Envoys from the European Union’s 27 member countries will meet on Tuesday to start debating whether to launch membership talks with Ukraine, officials and diplomats said, something Hungary has threatened to block and others to saddle with more conditions.
The meeting marks the start of preparations among the 27 for a December 14-15 summit of the EU’s leaders that is due to decide on integration prospects for Ukraine, Moldova, Georgia and Bosnia.
The European Commission, the EU executive, has proposed that the summit agree to start negotiations with Ukraine — possibly in March or once Kyiv meets final conditions — a coveted prize for a former Soviet republic that has been struggling to repel a full-blown Russian military invasion for nearly two years.
Specifically, the Tuesday meeting will discuss a draft agreement of the summit, which is also expected to decide on a related proposal to extend $54.10 billion in budget support to Kyiv through 2027.
No final decisions are expected on Tuesday, but the initial exchange among the member states will give a sense of how likely, or not, the summit is to give the green light to Ukraine.

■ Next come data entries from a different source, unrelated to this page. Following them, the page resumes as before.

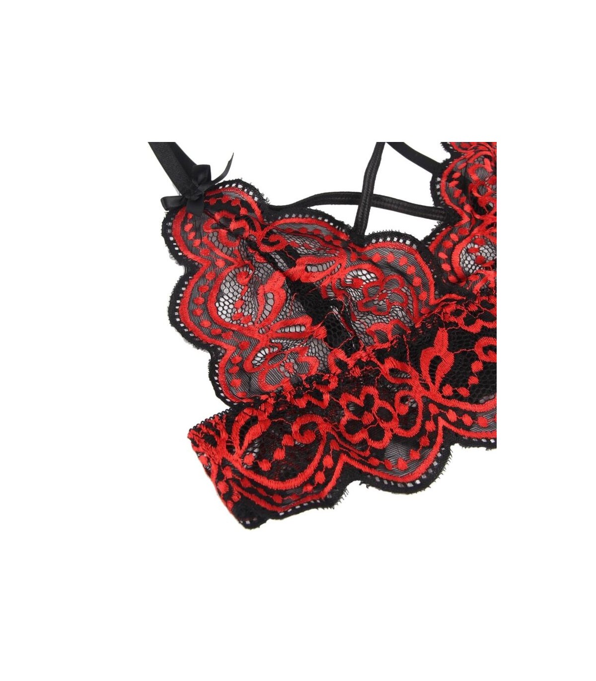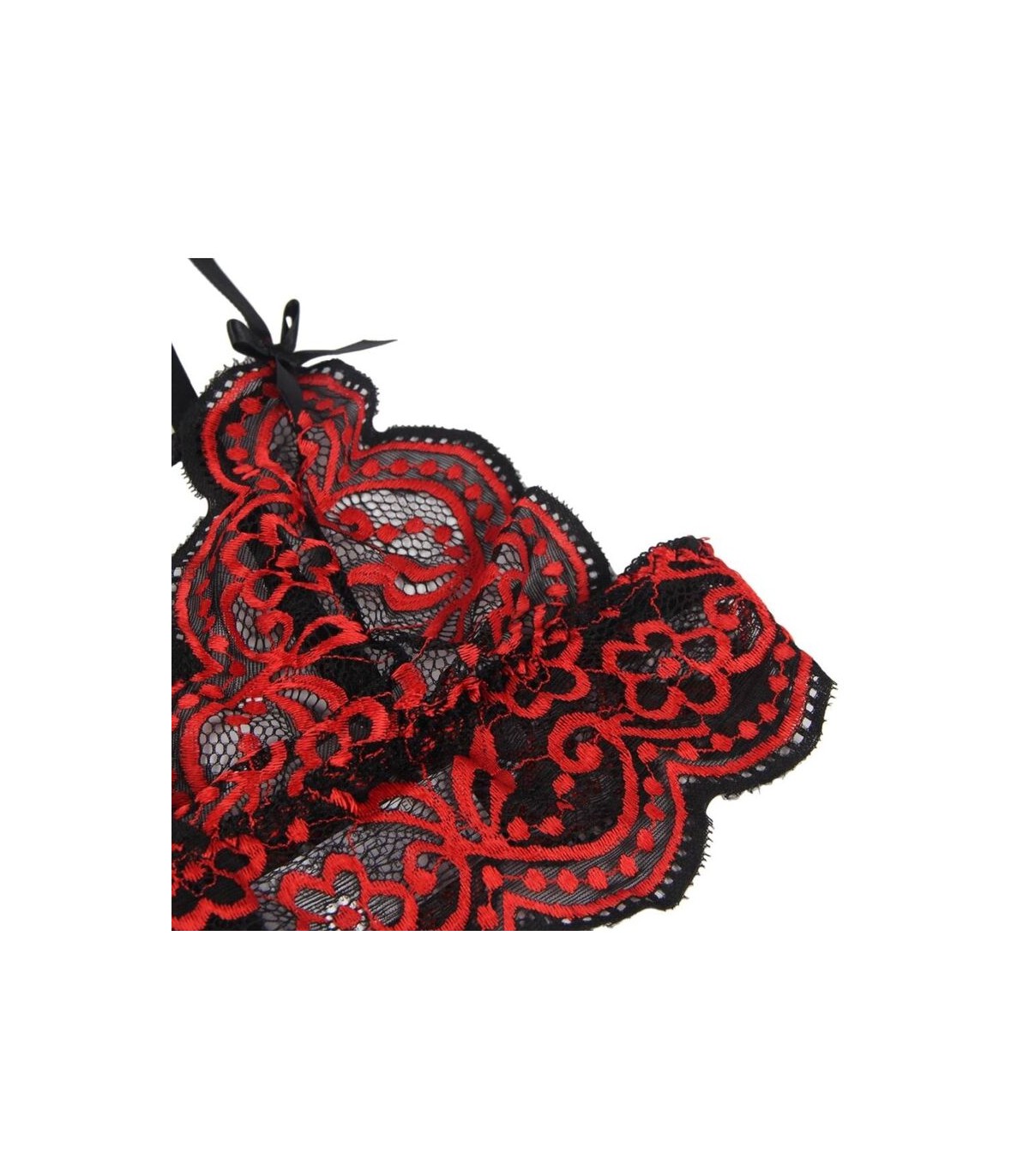 • Genial combinación de encajes florales color rojo y negro
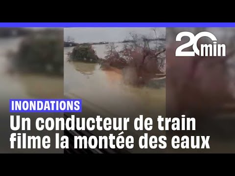 Inondations : Un conducteur filme le dernier train avant la coupure de la ligne
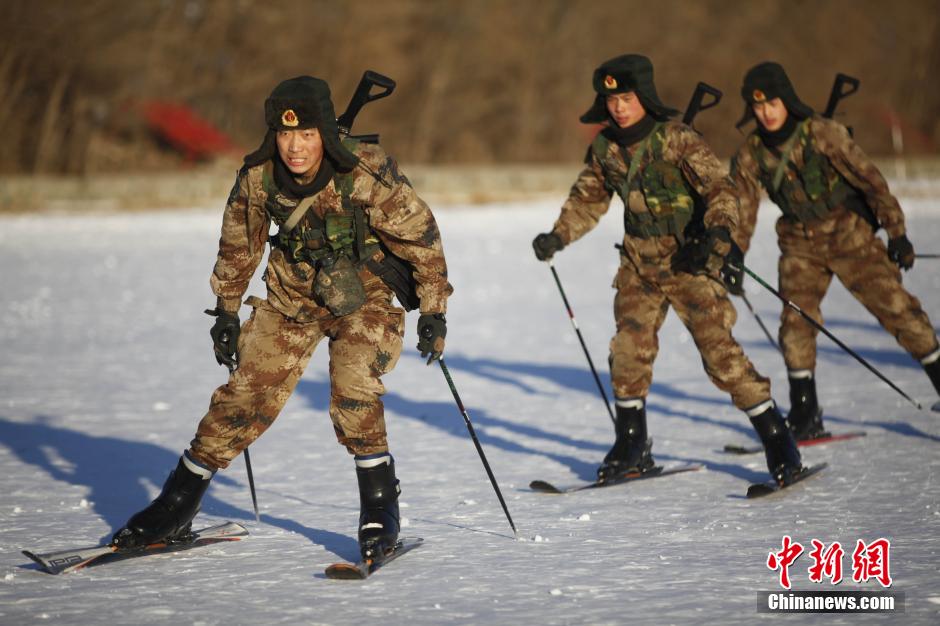 Soldiers from border defense regiments of Shenyang military region have skiing exercise braving minus 20 degree temperature. (CNS/Wei Jianshun)

EU diplomats and officials said the first draft prepared for discussion was bound to change.
The initial draft, dated December 4 and seen by Reuters on Monday, reads, “The European Council decides to open accession negotiations with Ukraine and with Moldova.”
For Georgia, it said the Caucasus republic would get EU candidate status “on the understanding” that Tbilisi implements outstanding conditions.

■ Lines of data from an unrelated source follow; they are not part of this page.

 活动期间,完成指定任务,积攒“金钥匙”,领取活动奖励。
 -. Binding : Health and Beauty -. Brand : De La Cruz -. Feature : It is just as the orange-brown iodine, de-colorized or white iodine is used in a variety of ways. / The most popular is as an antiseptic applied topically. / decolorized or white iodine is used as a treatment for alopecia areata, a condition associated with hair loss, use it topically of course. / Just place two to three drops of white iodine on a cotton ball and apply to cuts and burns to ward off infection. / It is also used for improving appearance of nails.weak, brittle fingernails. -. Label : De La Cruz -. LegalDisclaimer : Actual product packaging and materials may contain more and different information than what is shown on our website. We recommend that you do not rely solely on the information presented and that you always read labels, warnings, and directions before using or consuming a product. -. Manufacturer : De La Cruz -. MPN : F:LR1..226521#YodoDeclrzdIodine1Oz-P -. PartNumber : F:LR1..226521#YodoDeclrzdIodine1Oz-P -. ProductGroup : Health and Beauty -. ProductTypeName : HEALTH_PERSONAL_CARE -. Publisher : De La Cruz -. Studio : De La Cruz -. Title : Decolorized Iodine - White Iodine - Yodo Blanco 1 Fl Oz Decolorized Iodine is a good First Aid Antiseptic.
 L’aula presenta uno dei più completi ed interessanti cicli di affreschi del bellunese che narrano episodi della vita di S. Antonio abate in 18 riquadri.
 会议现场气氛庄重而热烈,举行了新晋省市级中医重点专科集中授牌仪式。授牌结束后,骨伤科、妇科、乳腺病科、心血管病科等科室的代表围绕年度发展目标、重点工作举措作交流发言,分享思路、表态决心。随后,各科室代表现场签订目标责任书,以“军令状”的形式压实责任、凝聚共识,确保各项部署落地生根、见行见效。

For Bosnia, the initial draft stated the bloc was “ready to open EU accession negotiations … once the necessary degree of compliance with the membership criteria is achieved.”

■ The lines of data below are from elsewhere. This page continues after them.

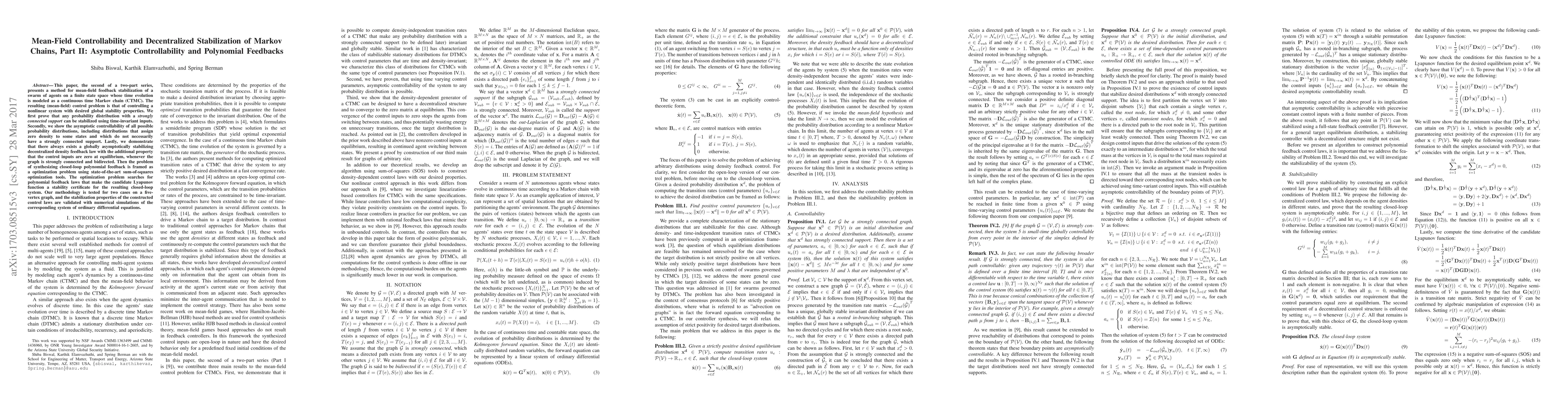 This paper, the second of a two-part series, presents a method for mean-field feedback stabilization of a swarm of agents on a finite state space whose time evolution is modeled as a continuous time Markov chain (CTMC). The resulting (mean-field) control problem is that of controlling a nonlinear system with desired global stability properties. We first prove that any probability distribution with a strongly connected support can be stabilized using time-invariant inputs. Secondly, we show the asymptotic controllability of all possible probability distributions, including distributions that assign zero density to some states and which do not necessarily have a strongly connected support. Lastly, we demonstrate that there always exists a globally asymptotically stabilizing decentralized density feedback law with the additional property that the control inputs are zero at equilibrium, whenever the graph is strongly connected and bidirected. Then the problem of synthesizing closed-loop polynomial feedback is framed as a optimization problem using state-of-the-art sum-of-squares optimization tools. The optimization problem searches for polynomial feedback laws that make the candidate Lyapunov function a stability certificate for the resulting closed-loop system. Our methodology is tested for two cases on a five vertex graph, and the stabilization properties of the constructed control laws are validated with numerical simulations of the corresponding system of ordinary differential equations.
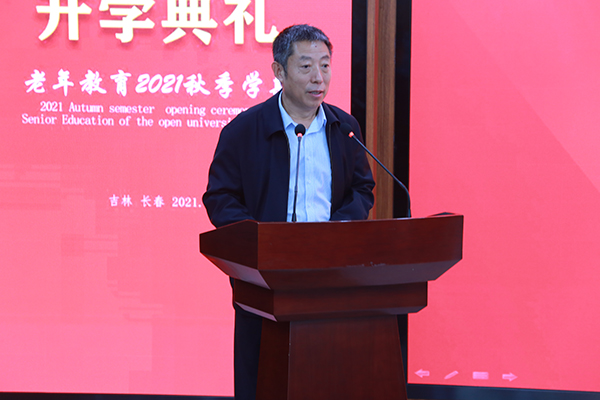 国家开放大学党委副书记刘臣在致辞中肯定了吉林开放大学在老年教育中取得的突破与发展,并对“十四五”期间走好老年教育高质量发展之路提出了要求,要在更高质量、更有效率、更加公平、更可持续、更为安全的发展过程中,把开放大学老年教育打造成为老年朋友的知识学园、生活乐园、精神家园,奋力书写老年教育发展新篇章。
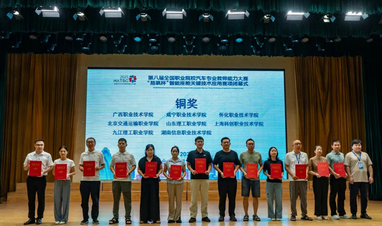 8月8日至10日,第八届全国职业院校汽车专业教师能力大赛“易飒杯”智能座舱关键技术应用赛项在山东烟台举办,全国20个省(自治区、直辖市)63所职业院校的81支队伍晋级全国总决赛。智能汽车学院教师宋名洋、徐华伟组成的团队,凭借扎实的专业能力在“易飒杯”智能座舱关键技术应用赛项中获铜奖。
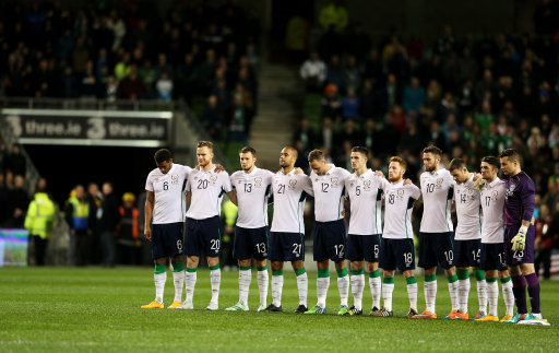 Republic of Ireland team stand for a moments silence
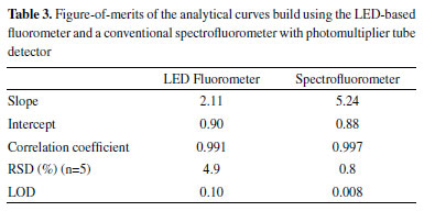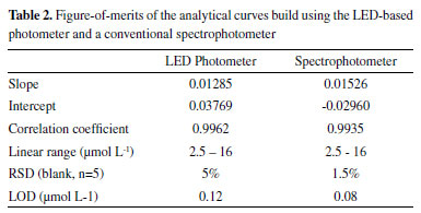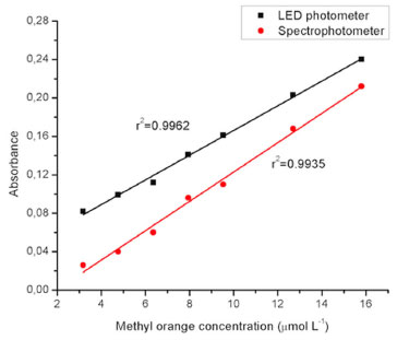 ![]() Figure 4. Analytical curves obtained using the LED-based photometer and a conventional spectrophotometer

All three decisions would require unanimous backing of the 27 EU countries. In the case of Ukraine, Hungary has threatened to bar that.
“In our perception, no conditions for Ukraine to start accession talks are met,” Hungarian government spokesman Zoltan Kovacs told journalists separately on Monday.
“How can [we] talk about the accession of a country that has been in the last two years at war, with public administration working only thanks to foreign money, with the level of corruption, with 20% of the country occupied. … How can anyone suggest the country is ready for accession talks?”
In what was widely seen as a bid to convince Budapest to back Ukraine, the commission announced in recent days that it would unlock billions in EU aid to Hungary that had been frozen over rule of law concerns, including corruption.
The chairman of EU summits, European Council President Charles Michel, also traveled to Budapest last week, but there was no immediate sign that he managed to sway Kovacs’ boss, Hungarian Prime Minister Viktor Orban, on Ukraine.
One EU diplomat said Michel left Budapest “empty-handed,” while an official with the bloc said on Monday it was “very, very difficult” to secure among all 27 a deal to launch membership talks with Ukraine.
Further complicating the picture, some other EU countries have demanded that the summit advance the EU prospects of Georgia and Bosnia in exchange for their support for Ukraine, according to sources in EU hub, Brussels.